Bobcat Peer Mediators is a proactive group of fourth-grade students at Gwendolyn Brooks Elementary who underwent a month-long training program with School Counselor Lisa Blackmore to learn about confidential processes for resolving conflicts among their peers. Peer Mediation is a voluntary process in which students train as neutral third parties. This helps prepare them to peaceably resolve conflicts by getting clear about their concerns, better understanding one another, and working to come to a mutual agreement about how they want to handle their issue.
Initially developed by previous school Social Worker Heather Smith, the program was revived under the encouragement of Principal Dr. Donna Henry this past summer. Peer mediation is valued because it offers significant strategies for critical thinking and productive problem-solving solving which fosters an empowered sense of self in students and promotes responsibility and leadership. Peer mediation also allows students to contribute to their overall school culture by helping to create a more respectful and safe learning environment.

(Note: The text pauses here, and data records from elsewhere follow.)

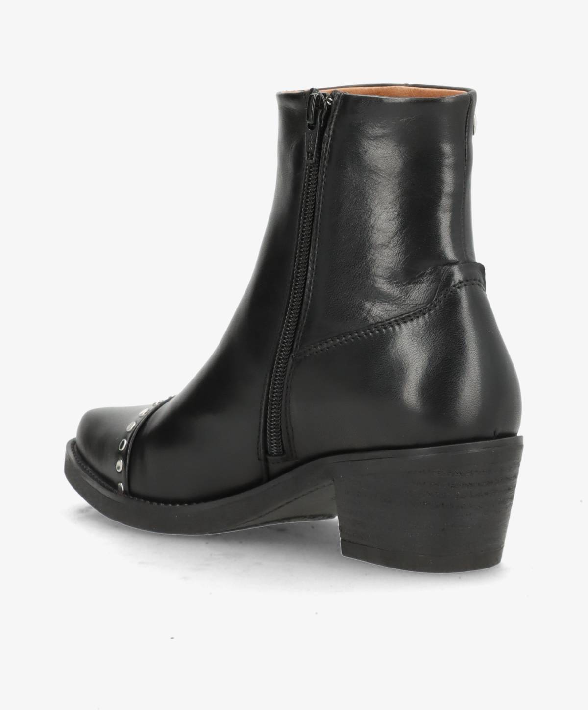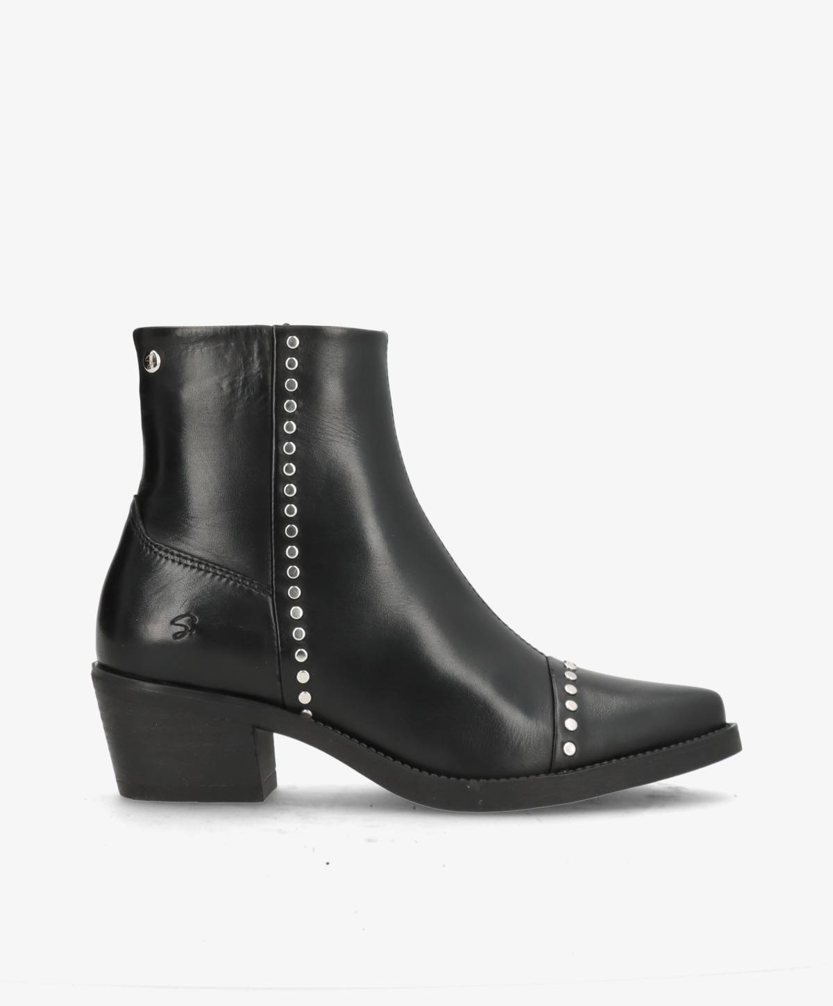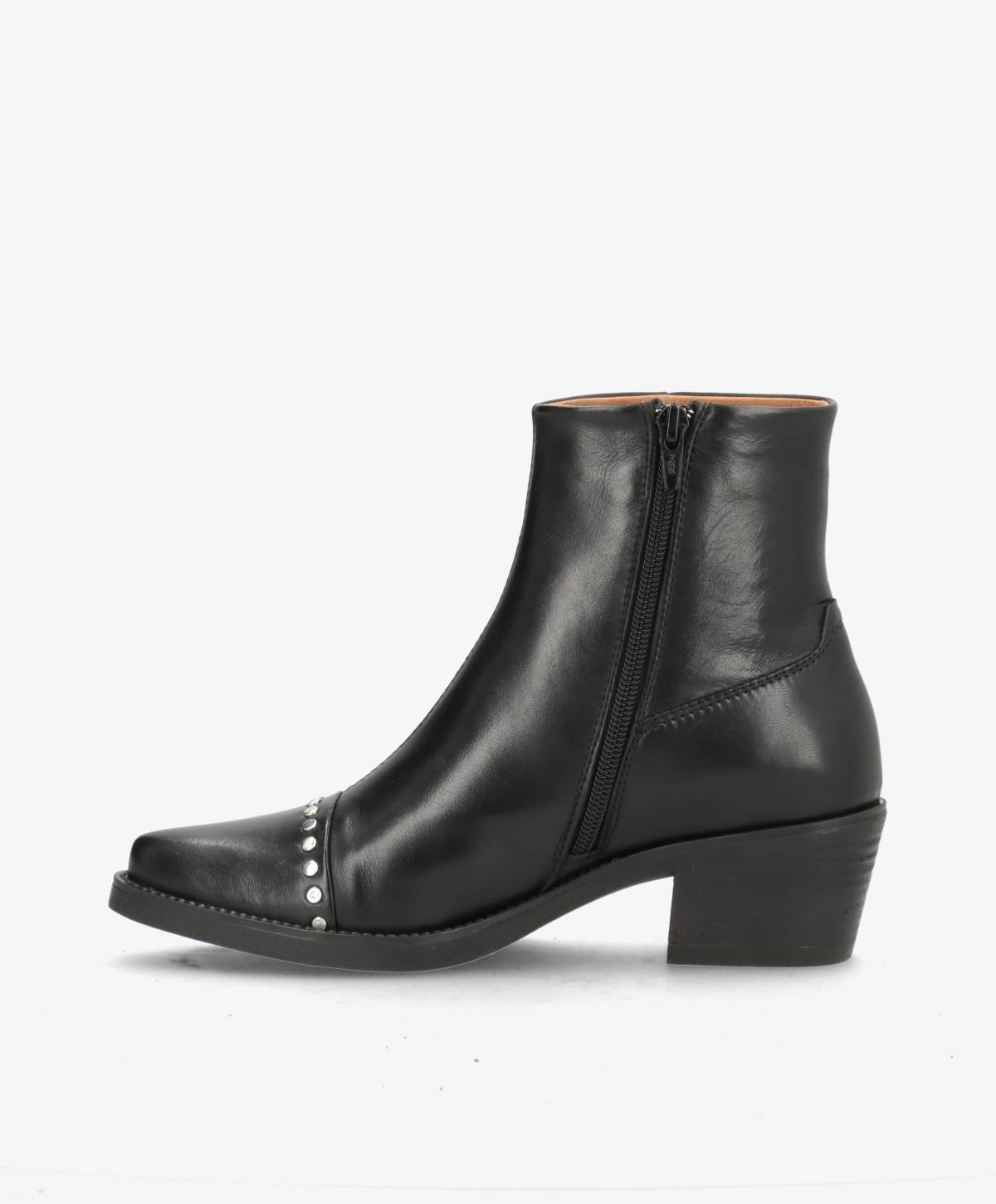 CARMINA er støvlen til dig, der vil skille dig ud med stil og attitude. Designet i blødt, sort læder og prydet med små sølvfarvede nitter, får denne støvle et elegant, men edgy udtryk. Den spidse snude og let hævede hæl giver et feminint og selvsikkert look, mens lynlåsen i siden sikrer, at støvlerne er nemme at tage af og på.
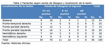 Métodos: Se realizó un estudio descriptivo, transversal, de un universo de 145 pacientes, se tomó una muestra aleatoria simple de 50 enfermos. Las variables fueron: Edad, género, localización, escala de Glasgow al ingreso, complicaciones, sintomatología, tiempo transcurrido desde el evento traumático al inicio de los síntomas, técnica quirúrgica, método anestésico, tiempo quirúrgico y resultados neuroquirúrgicos.
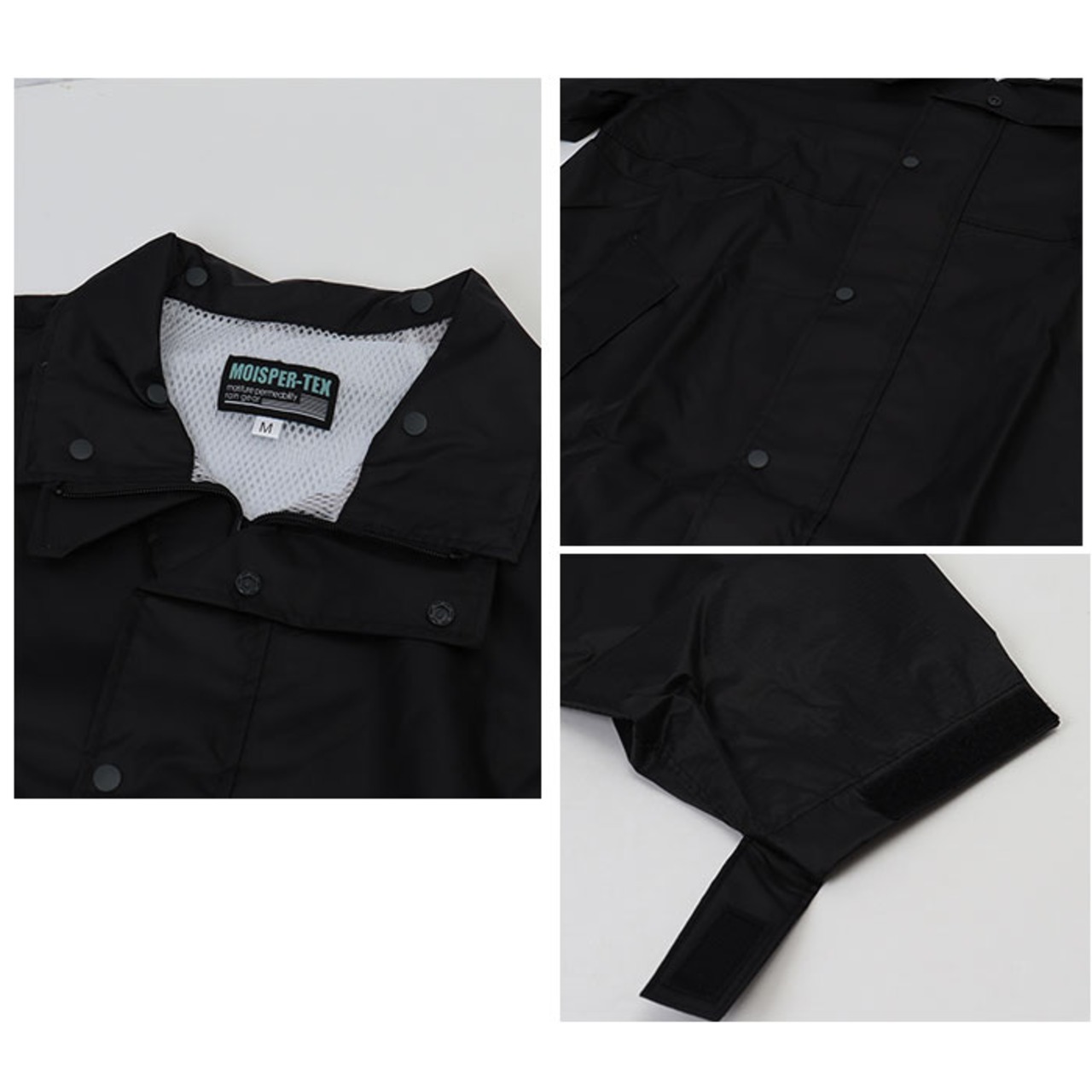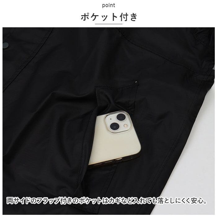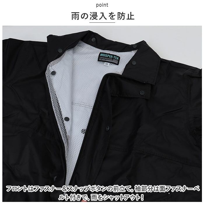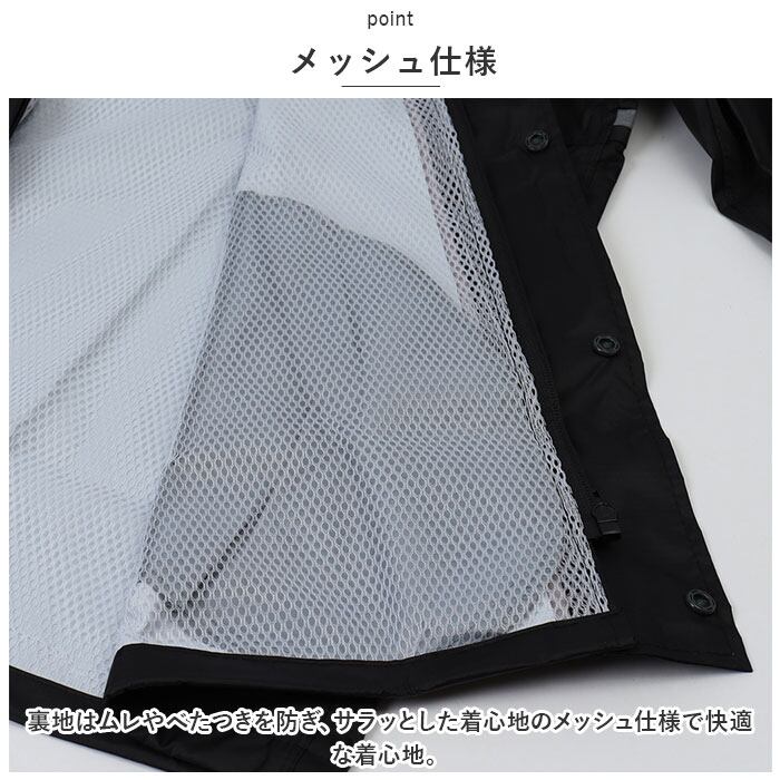 ・フロントはファスナー&スナップボタンの前立て。袖部分は面ファスナーベルト付きで、雨をシャットアウト!
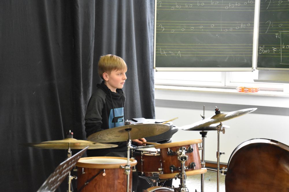 Vom 15.3.19 bis 16.3.19 fand der Jazzworkshop mit dem Christof-Heringer Trio statt. Zum dritten Mal haben wir uns zwei Tage mit dem Thema Jazz und der damit verbundenen Improvisation beschäftigt. Mit viel Geduld und auf uns übergreifender Begeisterung, leiteten die drei Profi-Jazzmusiker zwei Tage voller Proben in unseren Combos. Trotz kurzweiligen Überforderungserscheinungen waren die Ergebnisse mehr als zufriedenstellend und weckten in vielen jungen Musikern die Freude am Jazz.
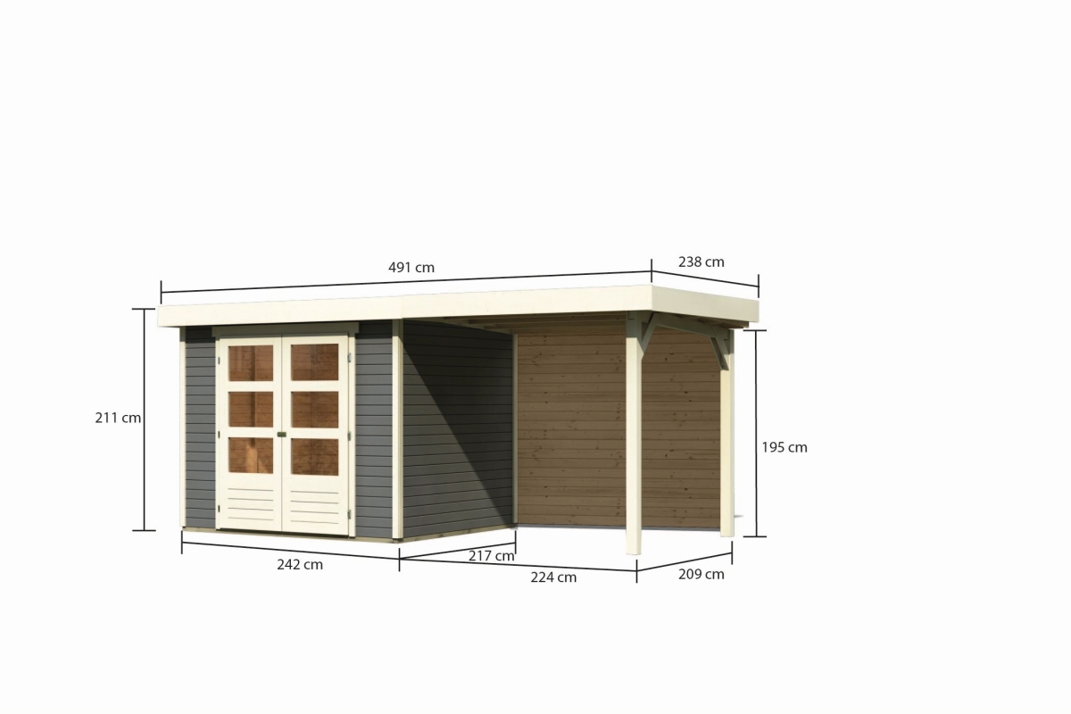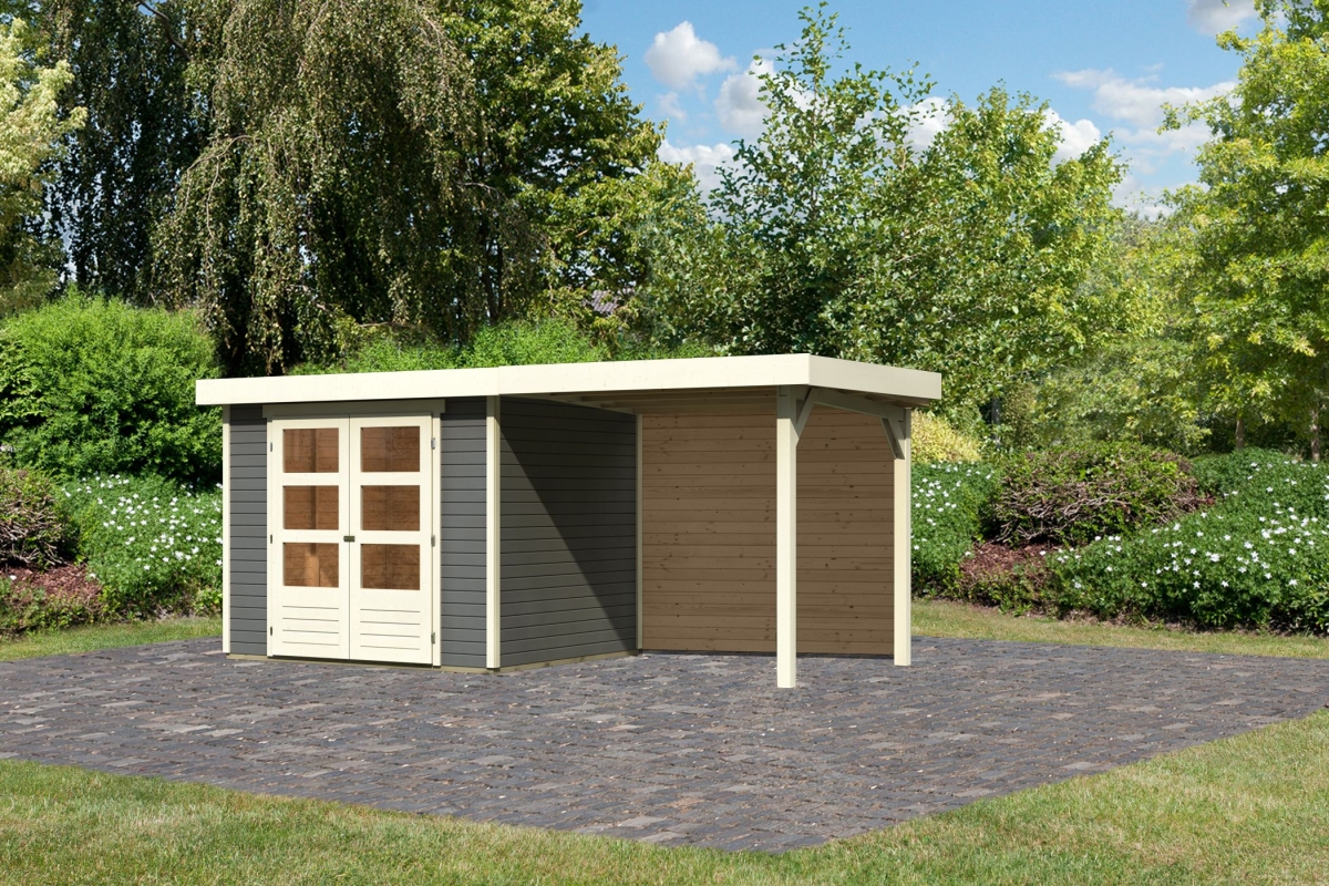 Tuinhuis Askira 3 met 2,4 meter verlengbaar dak en achterwand - Het accent in je tuin. De 19mm Systeemhuis gemaakt van Noordse spar In eenvoudige vorm Plug- en schroefsysteem is verkrijgbaar in de kleur Terra Grey.
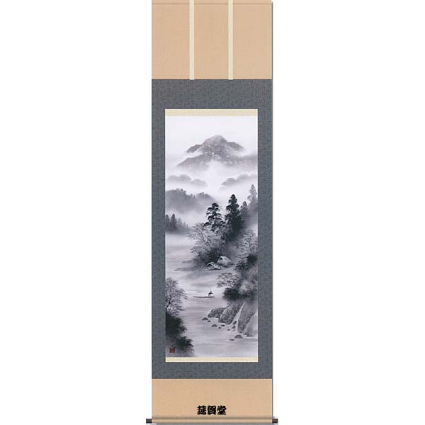 【印刷】掛軸 伊藤渓山筆「紫山憧憬(水墨山水)」
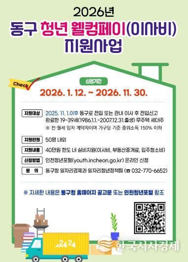 한국시사경제 문화팀 | 인천 동구는 청년의 주거비 부담 완화와 안정적인 정착을 위한 ‘청년 웰컴페이(이사비) 지원사업’을 추진한다고 밝혔다.
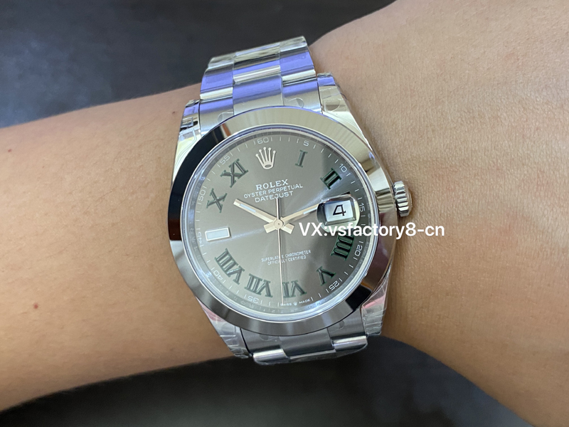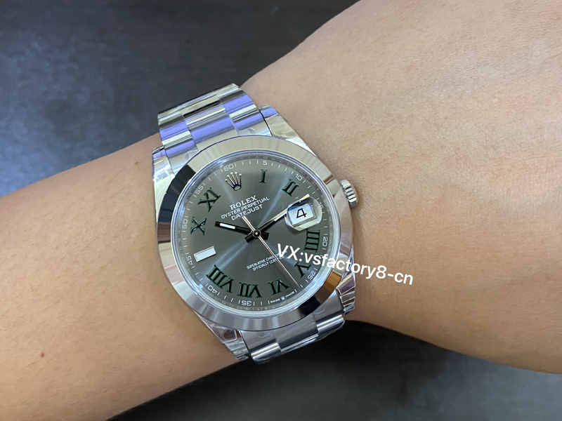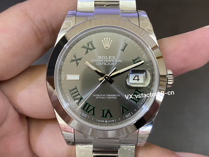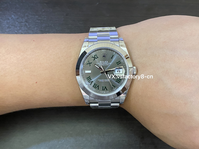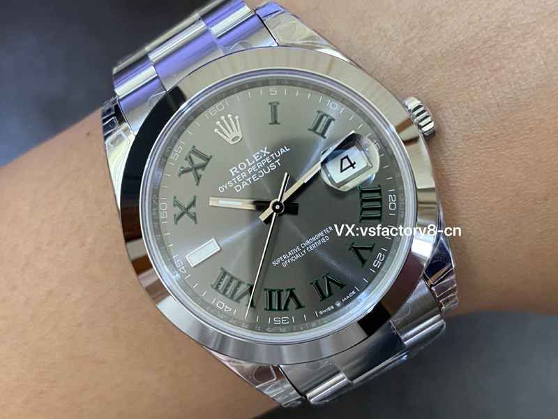 VS厂劳力士光圈绿萝日志41M“面”好,表盘太阳纹清晰细腻,淡雅光泽,隐约而独特,随着手腕摆动显不同光泽。
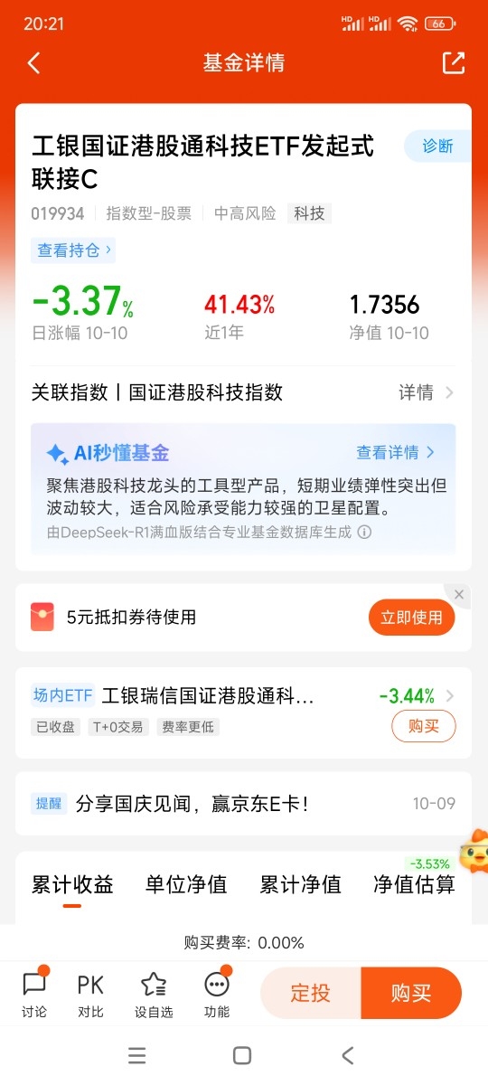 今天这10月10日可真是个“黑色星期五”,港股直接一片“港红”,看得不少股民心里发凉。收盘一瞅,恒生指数跌了1.73%,更狠的是恒生科技指数,直接砸了3.27%,创下今年以来的最大单日跌幅, $工银国证港股通科技ETF发起式联接C$ 今天也跌了3.37%。
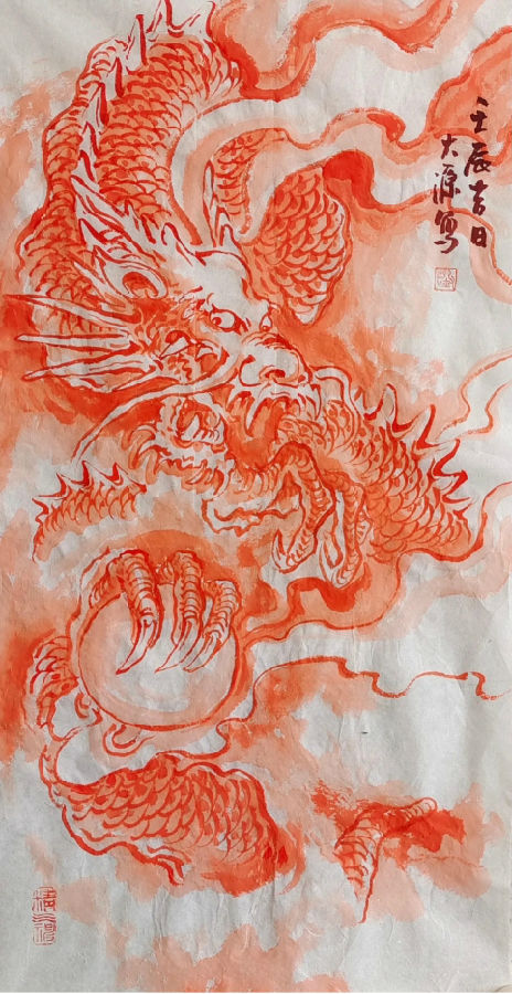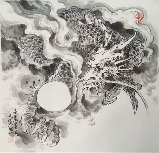 刘大源出身书香门第,祖上几朝为官。幼承家训学习国画及中国传统吉祥纹饰。刘大源幼时就开始画龙,各个朝代的龙纹饰融会贯通,形成自己的独有的画龙风格。无论是龙的各种表情、身体结构、场景、风雨雷电无不有着自己独特的绘画语言。画出龙的传奇精气神!近些年来收藏界有齐白石的虾、徐悲鸿的马、黄胄的驴、李苦禅的鹰、刘大源的龙的盛誉!被誉为古有陈荣今有刘大源,被称为中国当代画龙第一人!

Conflicts are typical among students and are an inevitable part of the human experience. Using peer mediation tactics has proven to be an effective way for schools to decrease misconduct and empower students to better deal with difficult situations. The peer mediator process can help students begin to understand conflict and to see it as an opportunity for growth and learning rather than use their frustration in unproductive ways.
“Dr. Henry and I believe that this is the kind of educational innovation and commitment from our students that promotes change and is the key to building healthy relationships,” said Blackmore. “We also think that it is important because it directly speaks to positive behavioral interventions and support (PBIS)”.
Pictured above from right to left: Demonte W. C., Raquel W., Ka Siyah O., Phoebe T., Noah F., and Makenna L.